**GOAL OF THE EXERCISE**
Look below for the line that contains "- Besonderheiten: Platzsparende", then copy it and each following line to the end of the records, minus any pictures.

Dataset items:
+ + + +
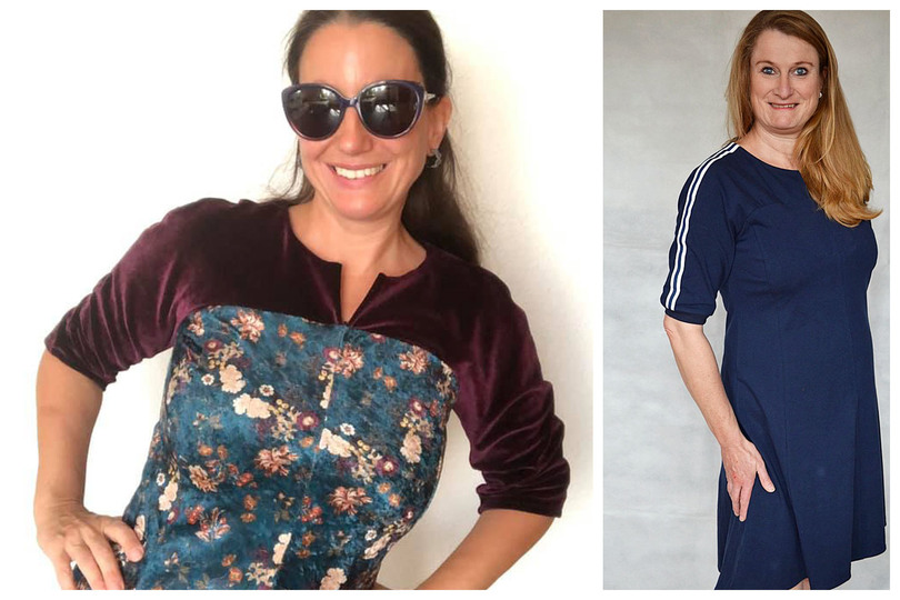 Geeignet sind elastische Stoffe mit Elastan-Anteil oder Jersey. Beim Probenähen sind auch festere Stoffe genäht worden, dann ist aber jeweils eine Größe größer nötig!
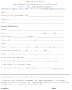 - Advanced Energy Medicine Assessment & Treatment Plan
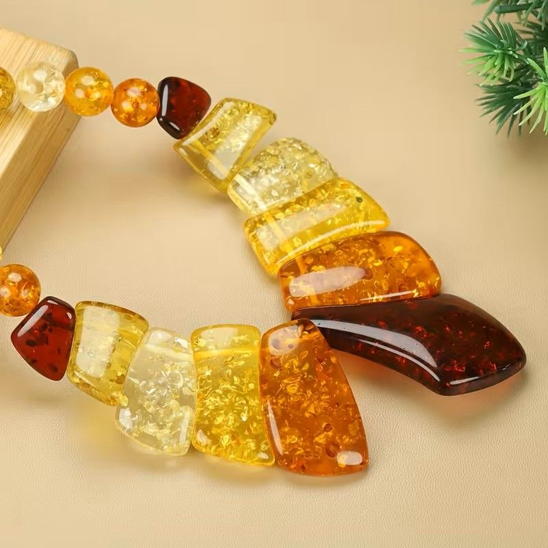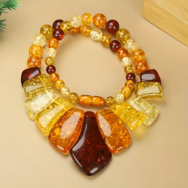 Колие от кехлибар - златно кафяви земни нюанси
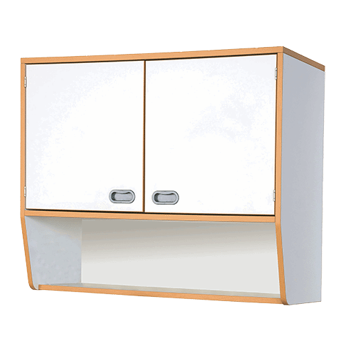 - Besonderheiten: Platzsparende Wandmontage, stark abgerundete Außenecken, höhenverstellbare Einlegeböden
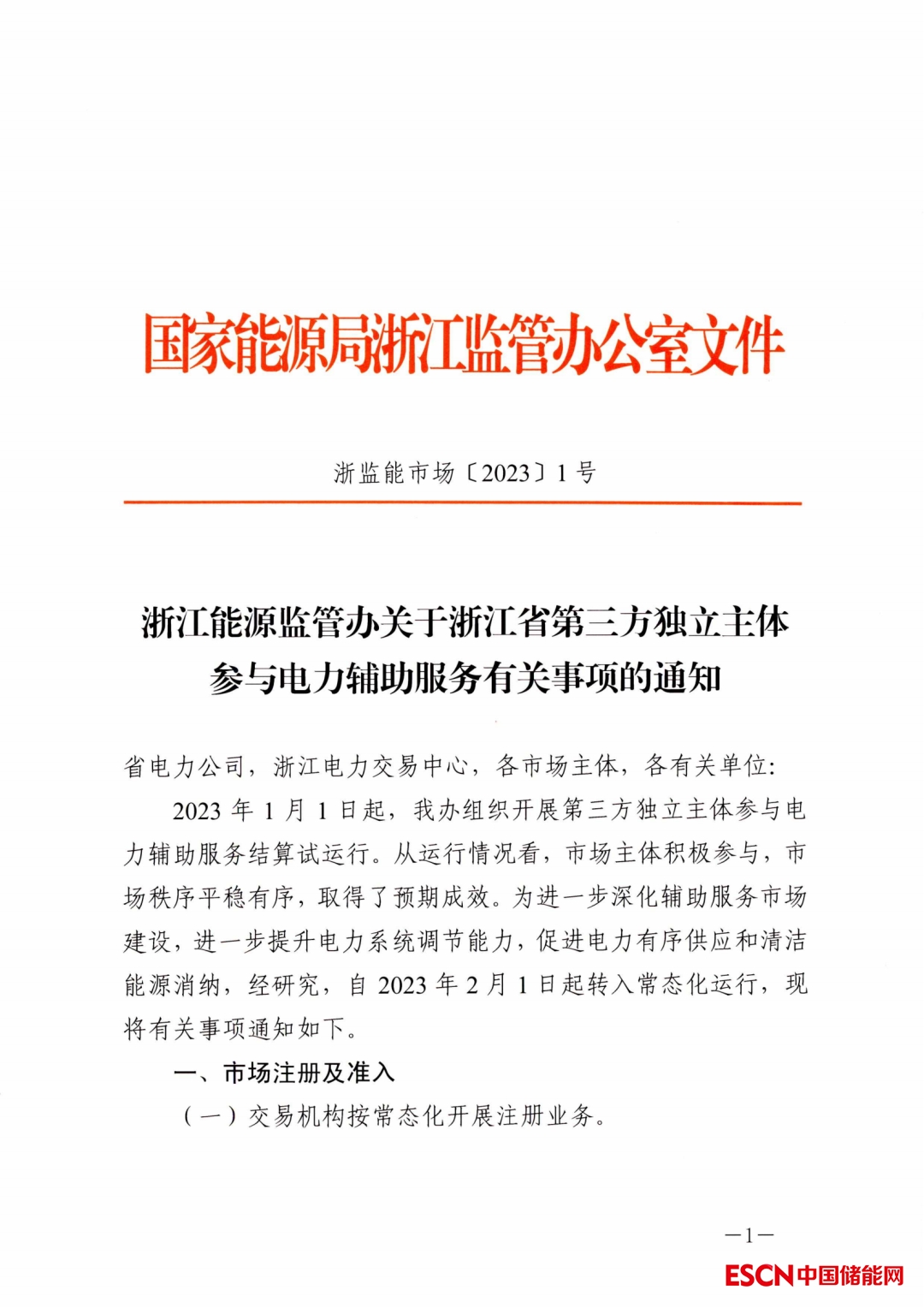 中國(guó)儲(chǔ)能網(wǎng)訊:2月1日,國(guó)家能源局浙江能源監(jiān)管辦發(fā)布了關(guān)于浙江省第三方獨(dú)立主體參與電力輔助服務(wù)有關(guān)事項(xiàng)的通知。
+ + + +
**TASK RESPONSE**
 - Besonderheiten: Platzsparende Wandmontage, stark abgerundete Außenecken, höhenverstellbare Einlegeböden
 中國(guó)儲(chǔ)能網(wǎng)訊:2月1日,國(guó)家能源局浙江能源監(jiān)管辦發(fā)布了關(guān)于浙江省第三方獨(dú)立主體參與電力輔助服務(wù)有關(guān)事項(xiàng)的通知。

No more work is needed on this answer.